If you lower the interest rate to 36 percent, we are just going
to disappear. So we looked at every State that had such a cap,
and you know what? You are wrong. They did not disappear, and
we went ahead and put a cap in Oregon, and you know what? They
did not disappear. You can still find payday loan storefronts
throughout our metropolitan area, title loan fronts. But the
consumer is getting a far better deal.
So let me just point out that if you are going to make the
argument, at least know the facts, that they do not disappear
when you put a cap on the interest rate.
Mr. Zywicki. The research I have seen on that by Jon
Zinman, which is the study of the Oregon payday loan, indicates
that there was a substantial drop in payday loans and an
increase in use of overdraft protection and a slight increase
in auto title loans.
Senator Merkley. Well, you can come out to the State, and
we can--I will take you--we can visit some payday loan places
and----
Mr. Zywicki. You are saying the volume of payday loan was
completely unaffected by the law?
Senator Merkley. No, I am not saying that, but that was not
the question. The question was: Can the consumer get a payday
loan at a much lower interest rate now than before? And the
answer is yes. And I can tell you, for example, I went to a
food bank, and the head of the food bank said, ``Senator, the
biggest change is that we no longer have people bankrupted by
this vortex of debt from payday loans. They are not coming to
our food bank because of the 500-percent interest rates. Thank
you so much for putting a cap on the interest rate.''
And then she proceeded to say, ``Now, the economy as a
result of the crash''--of course, that goes back to the
predatory mortgage loans. ``Unfortunately, a lot of people have
lost work, and they are coming to our food bank.'' But the
victims of payday loans disappeared.
Now, let us just look at the model. This is the model that
we are putting up the chart of. This is the model payday loan
interest--payday loan companies use. Their model is to trap
people in debt. This happens to come from a training manual for
a payday loan company. It is called ``ACE,'' and they say
consumer applies, consumer exhausts--they get the loan, they
exhaust the cash, and they do not have the ability to pay,
because those are the folks they make money off of. And then
the consumer cannot make the payment, the account enters
collections, so we come along and we give them a new loan. And
that is the cycle of debt, the vortex of debt. If you take
$1,000 at 500 percent, you can do the math, I am sure, in your
head. That is $25,000. Do you think any low-income family can
pay off $25,000 debt when they started out with $1,000 2 years
earlier? Of course the answer is no. They end up in bankruptcy.

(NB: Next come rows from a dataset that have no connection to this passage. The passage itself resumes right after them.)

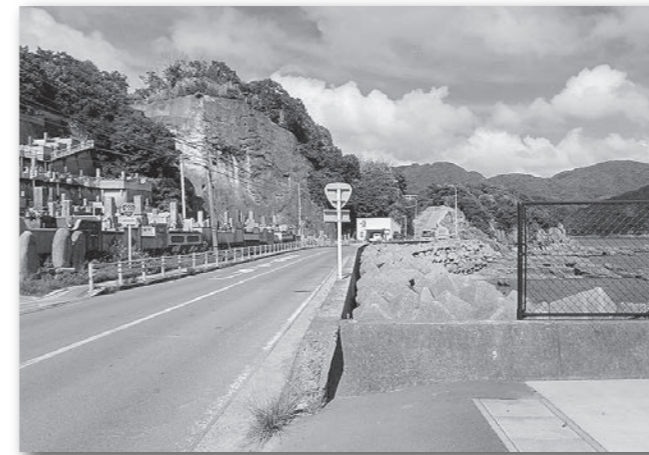
国道202号福田本町丸木墓地付近の道路整備 (令和4年6月28日)
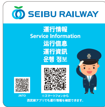
ステッカーデザイン
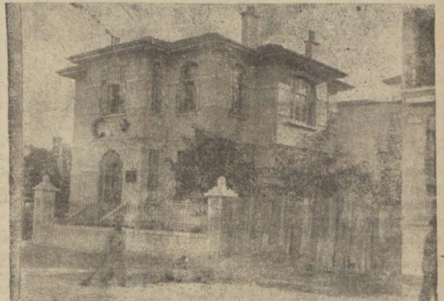
Cağaloğlundaki Verem dispanseri

kazanmıştır. Dün sabah Berlinden gelen bir habere göre Berlin Ticaret ve Sanayi odası böyle ecnebi kambiyo ile tediyat meselesinde tahaddüs edecek ihtilâfların halli için bir büro açmıştır. Bu büro her ihtilâfın halli mukabilinde 20 mark almaktadır. Alâkadarlar bizde de böyle muvakkat bir teşekküle ihtiyaç göstermektedirler.
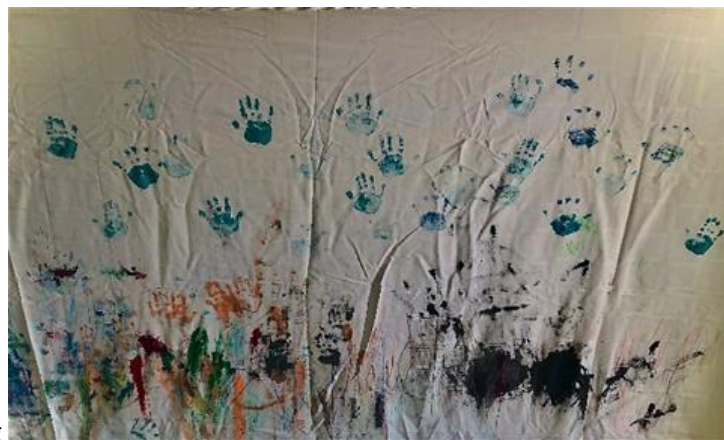
Bildet: Luna avdeling

Våren har ankommet våre nærområder. Barna leker mere ute i det stadig varmere været. I tillegg kan barna ha på mye mindre lag med klær, og kroppen får muligheten til friere bevegelser. Det som har skjult seg lenge under snøen kan barna oppdaget nå.
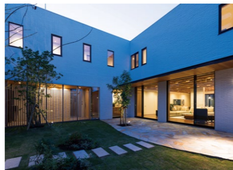
近隣と距離が近い分、外壁を高くすることでプライバシーを確保。家中どこにいても、広い中庭からたっぷりと陽光が入り、空と風を感じられる。
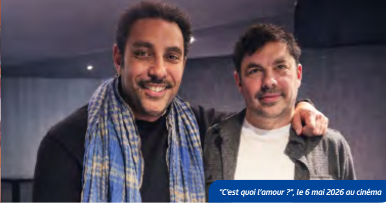
"C'est quoi l'amour ?", le 6 mai 2026 au cinéma

Their finances are destroyed. Their marriages are stressed.
Their children are shortchanged.
So my time is up, but I have never heard a hearing where
the testimony from industry is so apart from the reality on the
ground across America. Getting rid of predatory practices in
the credit card industry, in the mortgage industry, in the
lending industry in general allows middle-class families and
families of modest means to be successful rather than to be
victims of tricks and traps. And that is a plus for America.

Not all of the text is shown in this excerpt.